The fix came from a simple realization: cron jobs don't need to be fast. A morning brief that takes 30 seconds instead of 5 doesn't affect anything — it runs in the background while I'm still asleep. So I split by what actually matters. Live interaction stays on Opus 4.6; I want snappy responses there. Background tasks — morning briefs, housekeeping, backups, RSS forwarding — moved to a local model. qwen3:8b runs on the same VPS via Ollama, CPU-only, no GPU required. Slower, but for something firing at 06:30 while I'm making coffee, that's irrelevant. The jobs that need real reasoning stay on Opus 4.6 via Anthropic's API. If Anthropic ever throttles or goes down, qwen3:8b picks up automatically. Degraded, not dead.

What's shifted more than I expected is the nature of the interaction itself. Early on it felt like configuring a system — prompts, cron expressions, file structures. Now it feels more like working with someone who already knows the context. I send a voice note mid-thought, half in German, half in English, and something useful comes back. I describe a problem and we think through it together. I push back on a draft, it revises. We argue occasionally about the right approach. That dynamic — the back-and-forth, the shared memory of what we've already tried — is what makes it different from any chatbot I've used before.

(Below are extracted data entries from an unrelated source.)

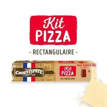 Easy and fun to prepare. Quick with the essentials of a delicious pizza put together in a kit, then the topping is usually made up of "leftovers" from the fridge. Rectangular dough, 19 x 36 cm for 6 to 8 slices. Fun packaging design, targeted "Family".
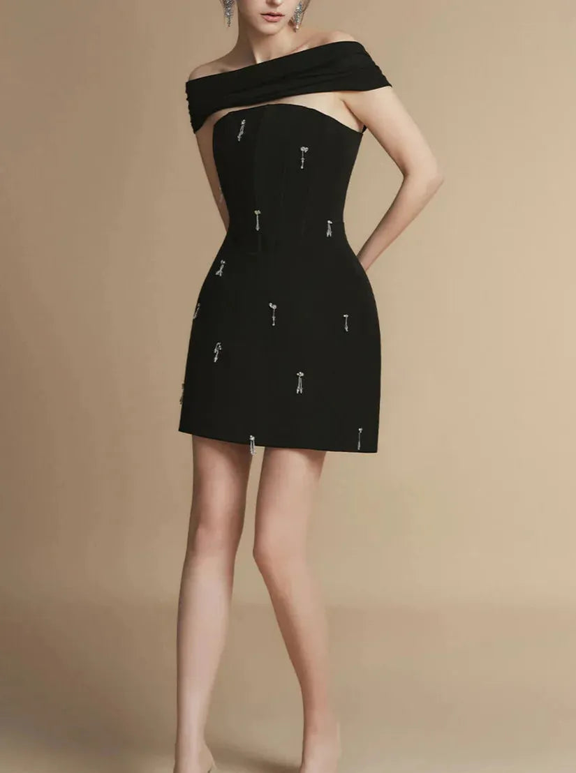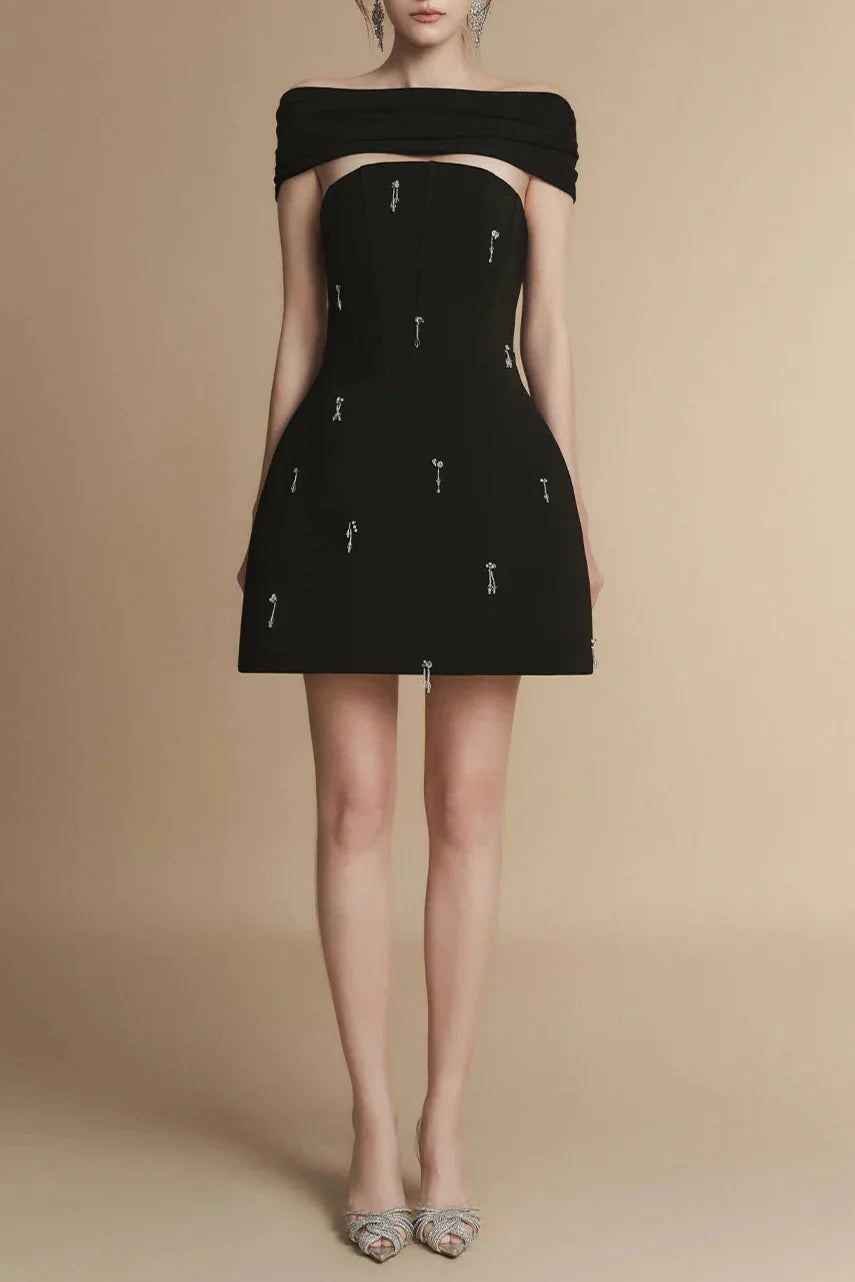 • Flexible scarf neckline, Attached rhinestones on the bodice
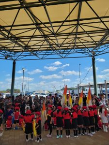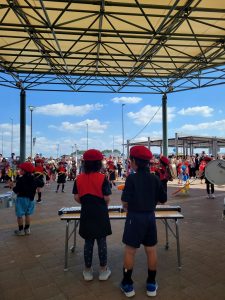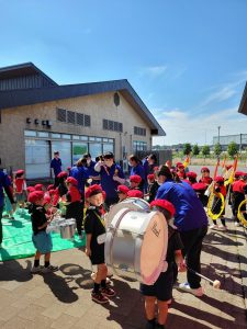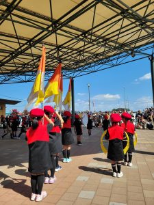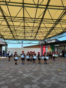 道の駅「まくらがの里こが」にて、鼓笛隊披露。
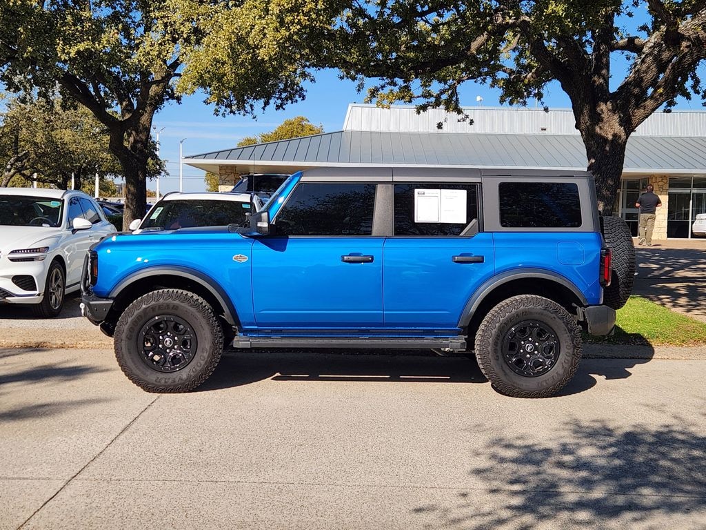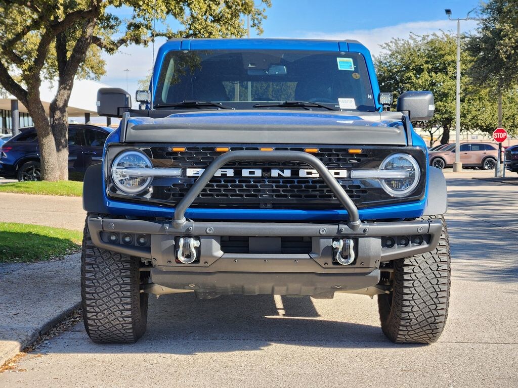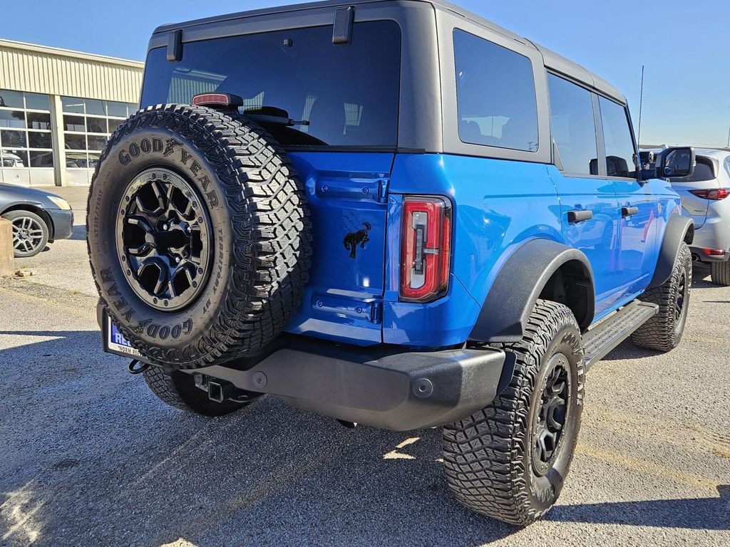 This 2023 Velocity Blue Metallic Ford Bronco Wildtrak 4WD is well equipped and includes these features and benefits: Equipment Group 354A Lux Package (12" LCD Capacitive Touchscreen w/Swipe Capability, 2 Smart Charging USB Ports In Dashboard, 360-Degree Camera, Adaptive Cruise Control, Additional Sound Deadening, Connected Built-In Navigation, Evasive Steering Assist, Front Parking Sensors, Heated Steering Wheel, Information on Demand Panel, Radio: B&O Sound System by Bang & Olufsen, Sideview Mirrors, Universal Garage Door Opener, and Wireless Charging Pad), Bronco Wildtrak, 2.7L EcoBoost V6, 4WD, ABS brakes, Compass, Electronic Stability Control, Heated door mirrors, Illuminated entry, Low tire pressure warning, Remote keyless entry, Traction control, 4-Wheel Disc Brakes, 7 Speakers, Air Conditioning, AM/FM radio: SiriusXM with 360L, AM/FM Stereo, Auto High-beam Headlights, Brake assist, Delay-off headlights, Driver door bin, Driver vanity mirror, Dual front impact airbags, Dual front side impact airbags, Emergency communication system: 911 Assist, Exterior Parking Camera Rear, Front anti-roll bar, Front Bucket Seats, Front Center Armrest, Front reading lights, Front wheel independent suspension, Fully automatic headlights, Integrated roll-over protection, Occupant sensing airbag, Outside temperature display, Overhead airbag, Overhead console, Panic alarm, Passenger door bin, Passenger vanity mirror, Power door mirrors, Power steering, Power windows, Radio data system, Security system, SiriusXM Radio w/360L, Speed control, Split folding rear seat, Steering wheel mounted audio controls, SYNC 4, Tachometer, Telescoping steering wheel, Tilt steering wheel, Trip computer, and Variably intermittent wipers. Bronco Wildtrak, 2.7L EcoBoost V6, 4WD, 12" LCD Capacitive Touchscreen w/Swipe Capability, 2 Smart Charging USB Ports In Dashboard, 360-Degree Camera, ABS brakes, Adaptive Cruise Control, Additional Sound Deadening, Compass, Connected Built-In Navigation, Electronic Stability Control, Equipment Group 354A Lux Package, Evasive Steering Assist, Front Parking Sensors, Heated door mirrors, Heated Steering Wheel, Illuminated entry, Information on Demand Panel, Low tire pressure warning, Radio: B&O Sound System by Bang & Olufsen, Remote keyless entry, Sideview Mirrors, Traction control, Universal Garage Door Opener, Wireless Charging Pad.
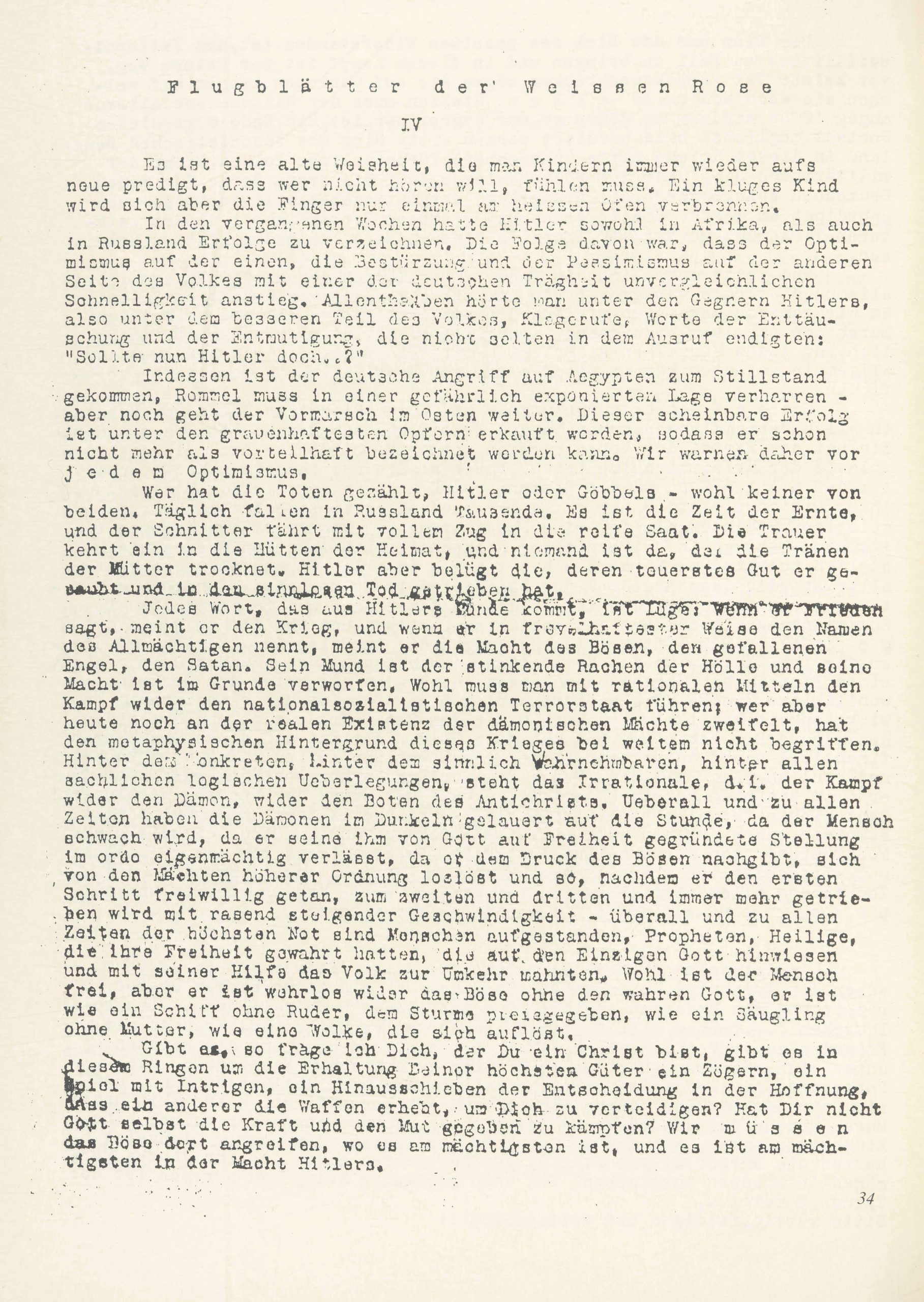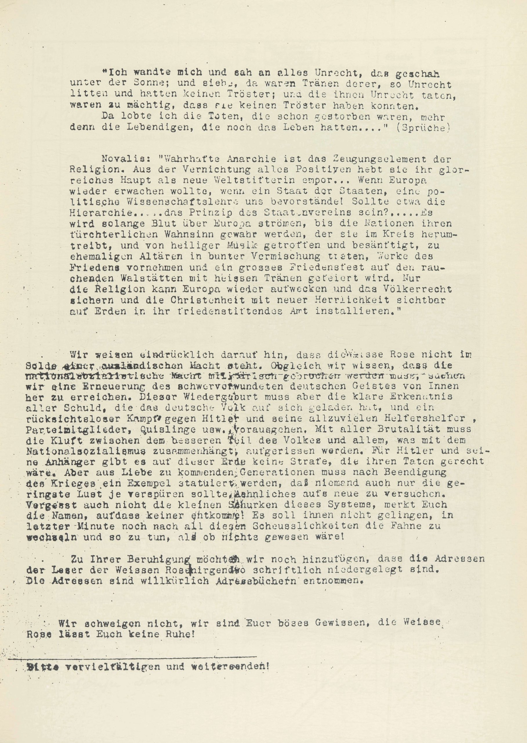 Wir weisen ausdrücklich darauf hin, dass die Weisse Rose nicht im Solde einer ausländischen Macht steht. Obgleich wir wissen, dass die nationalsozialistische Macht militärisch gebrochen werden muss, suchen wir eine Erneuerung des schwerverwundeten deutschen Geistes von Innen her zu erreichen. Dieser Wiedergeburt muss aber die klare Erkenntnis aller Schuld, die das deutsche Volk auf sich geladen hat, und ein rücksichtsloser Kampf gegen Hitler und seine allzuvielen Helfershelfer, Parteimitglieder, Quislinge usw. vorausgehen. Mit aller Brutalität muss die Kluft zwischen dem besseren Teil des Volkes und allem, was mit dem Nationalsozialismus zusammenhängt, aufgerissen werden. Für Hitler und seine Anhänger gibt es auf dieser Erde keine Strafe, die ihren Taten gerecht wäre. Aber aus Liebe zu kommenden Generationen muss nach Beendigung des Krieges ein Exempel statuiert werden, daß niemand auch nur die geringste Lust je verspüren sollte, Ähnliches aufs neue zu versuchen. Vergesst auch nicht die kleinen Schurken dieses Systems, merkt euch die Namen, auf dass keiner entkomme! Es soll ihnen nicht gelingen, in letzter Minute noch nach diesen Scheusslichkeiten die Fahne zu wechseln und so zu tun, als ob nichts gewesen wäre!

A few weeks in I found myself wanting to build something new. I described the idea, we went through the design, I watched the scaffold take shape in a single session. It wasn't magic — I still had to review everything, make decisions, catch mistakes. But the gap between "I have an idea" and "something exists" got a lot smaller.

The castle from the first article is still standing. It just runs itself now, mostly. Whether that means I built something good or just got comfortable with not checking is the question I keep not answering.